Marcy has two recurring dreams. One about a talking baby and one about a little girl playing the piano in a room where
Marcy and a man wrestle on a bed. There’s a dog in this dream as well, a poodle biting its leash. The man says, “Ah, come on, it’s like balling in front of the dog.” In the dream Marcy understands what the man means by “balling.”

Her dreams wake her up. If she doesn’t fall right back to sleep she’s apt to start fretting over all the pages in her school textbooks the teacher hasn’t even got to yet. She’ll touch the dolls that are aligned like bridesmaids on each side of her. Lightly, so as not to wake them, she’ll feel their brittle dresses and the rigid brush of their eyelashes. Eventually she’ll climb out of bed and go to her desk and pore over her exercise books in the bar of streetlight where her curtains don’t meet. It’s not out of the question that she’ll sit there for hours, erasing and rewriting entire pages.

She has straight, coarse hair the colour of cardboard. She worries that it is actually fur, as she has seen hair so coarse and that colour only on dogs. She is prone to styes that puff and redden her eyelids and that (as she will eventually discover) give the new neighbours across the street the impression that she lives in a violent household. She is ruining her eyes, and like her father will wear glasses. Not for another four and a half years, though. In the meantime she prays for twenty-twenty vision, human hair and the death of the tub of lard. She prays on her knees in her closet where she believes that sparks of static electricity indicate the presence of Jesus.

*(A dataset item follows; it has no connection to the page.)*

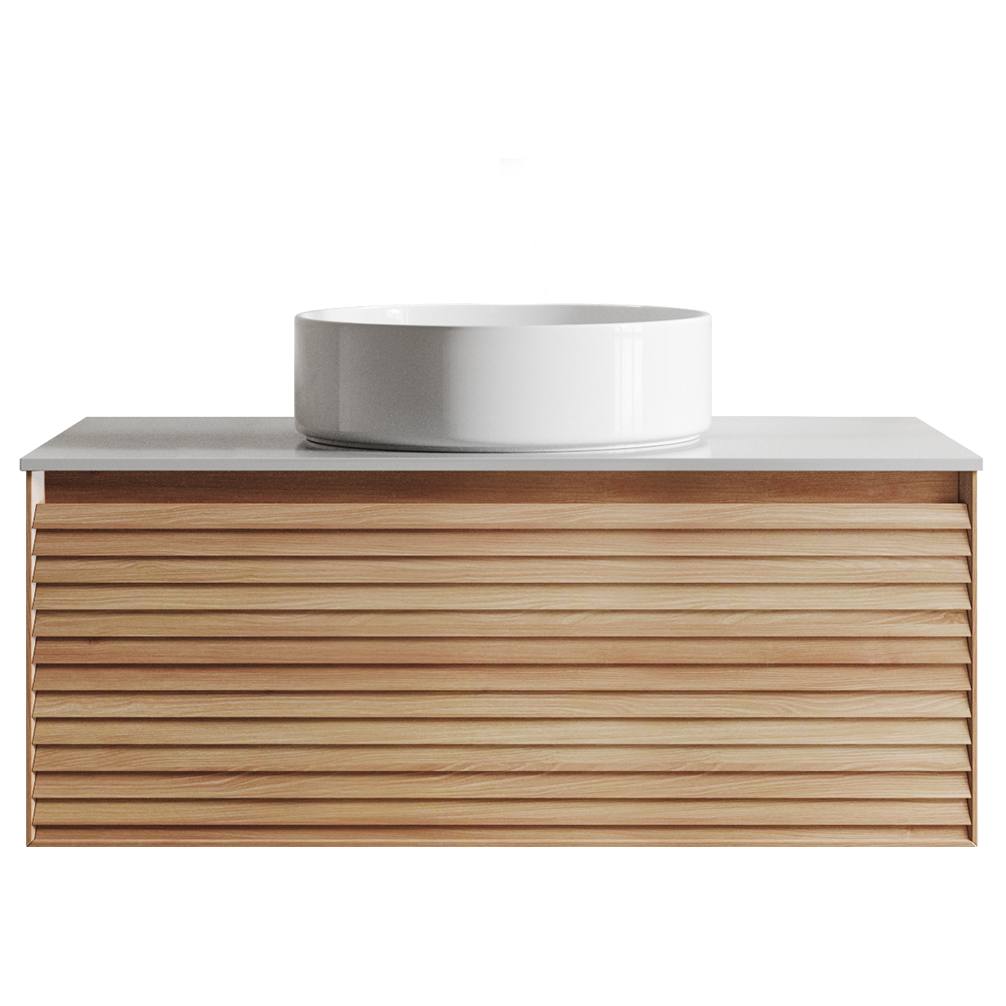 The Donna 90 single wall-hung vanity features a space-saving design with a sleek, modern aesthetic, perfect for contemporary bathrooms. Constructed with a durable melamine frame and elegant timber veneer drawer fronts, it showcases a stylish light ash finish. The white sintered stone countertop offers exceptional durability with stain and scratch resistance. Soft-close, full-extension drawer runners and discreet pull channels ensure effortless functionality while maximising storage. Thoughtfully designed, it arrives pre-drilled for an easy countertop basin setup and seamless waste installation.

Jesus is present during her babysitter’s bubble baths as well, the sound of static electricity and the bubbles bursting being identical. Being the sound of Jesus. Worshipfully, Marcy washes her babysitter’s back, which because it is covered in moles is a starry sky. The soap circles Marcy makes are clouds. Sometimes, to scare herself, she prints
AL WAS HERE
in the soap, believing that this means
BEWARE
. The babysitter moans with pleasure. Jeanie is her name, Jeanie with the cornflake-coloured hair. When she is lying on the floor in front of the TV
Marcy straddles her back and brushes her hair. To Marcy, Jeanie’s dandruff is confetti.

Jeanie has told Marcy that the scar under her eye is from when her mother hit her with the buckle end of a belt. Jeanie cries not because of her mother but because her boyfriend dumped her for a tub of lard who shaves her arms. Marcy strokes Jeanie’s slender, unshaved arm and dips her finger into Jell-0 powder for Jeanie to lick off. She feeds her Cheez Whiz on Windmill cookies. “There you go,” she says soothingly, coaxing a cookie into Jeanie’s mouth. “Is that good? Mmm, good.”

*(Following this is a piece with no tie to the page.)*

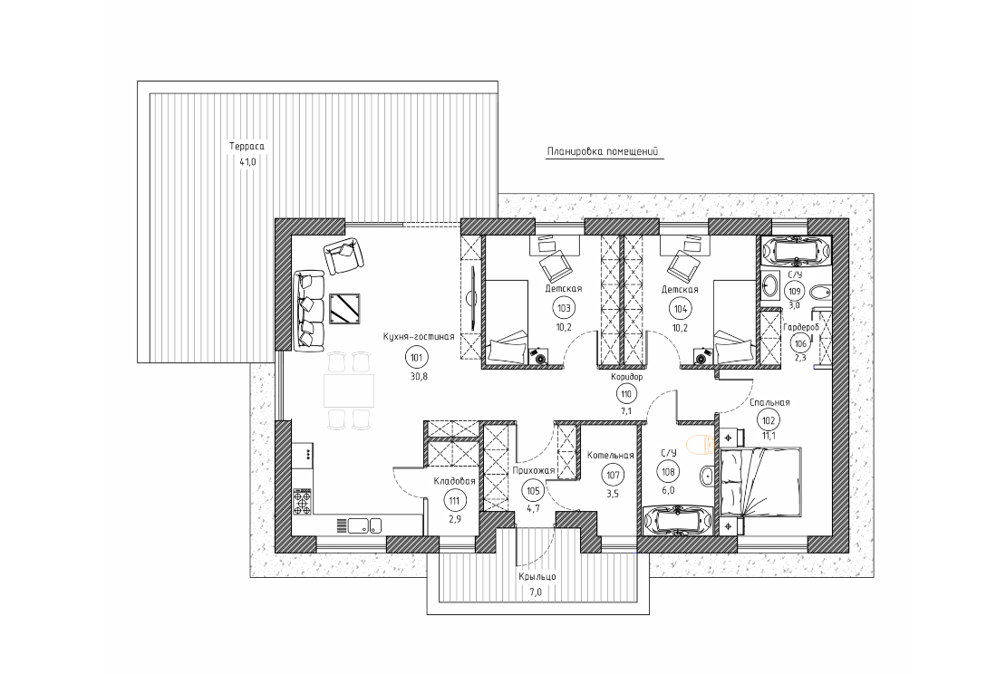 Общая площадь 90 м2

Before Jeanie was her babysitter Marcy heard that you could give her a jar of worms and she’d eat them by the handful. Did Jeanie really? “That’s classified information,” is all that Marcy can get out of her. Jeanie admits to having been a worm
picker,
however. Picking and selling worms to fishermen for a quarter a can. She has a secret method. First you mix three tablespoons of Keen’s hot mustard in a glass of water. You fill a second glass with plain water. Then you crawl around your lawn knocking the tops off of the tiny clumps of earth that are actually worm mounds. When you have uncovered twenty or so holes you pour a bit of the mustard mixture down each one.

“Now wait,” Jeanie tells Marcy the day she demonstrates the method. “And don’t move, they feel our vibrations.”

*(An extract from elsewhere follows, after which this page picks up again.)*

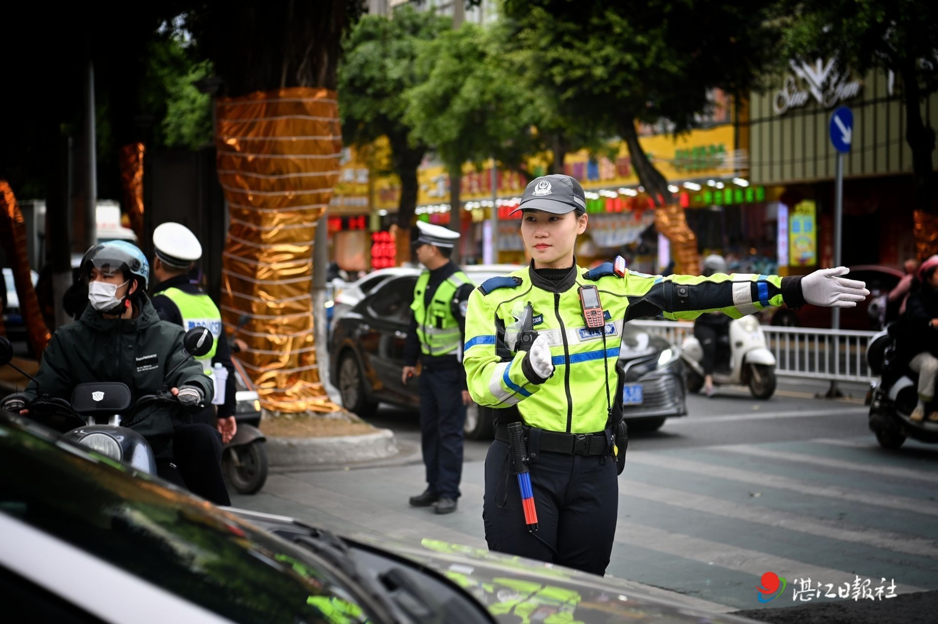 廉江交警在路面執勤,維護交通秩序。記者張鋒鋒 攝

Marcy hugs her knees. Maybe her Thursday underpants are showing. She has “Day of the Week” underwear—Monday, Tuesday, Wednesday and so on stitched across the back of seven pairs. To wear a pair that didn’t match the day would be unthinkable to her, crazy, like eating breakfast in the middle of the night. She hugs her knees to keep perfectly still. She is prepared to stay like that for a long time but within seconds worms start shooting up all around her. It’s a fountain of worms. Long, plump, segmented, writhing and crawling up out of the grass. Marcy jumps to her feet.

“Big fat juicy ones, long slim slimy ones,” Jeanie sings, plucking up the worms and dropping them into the glass of plain water.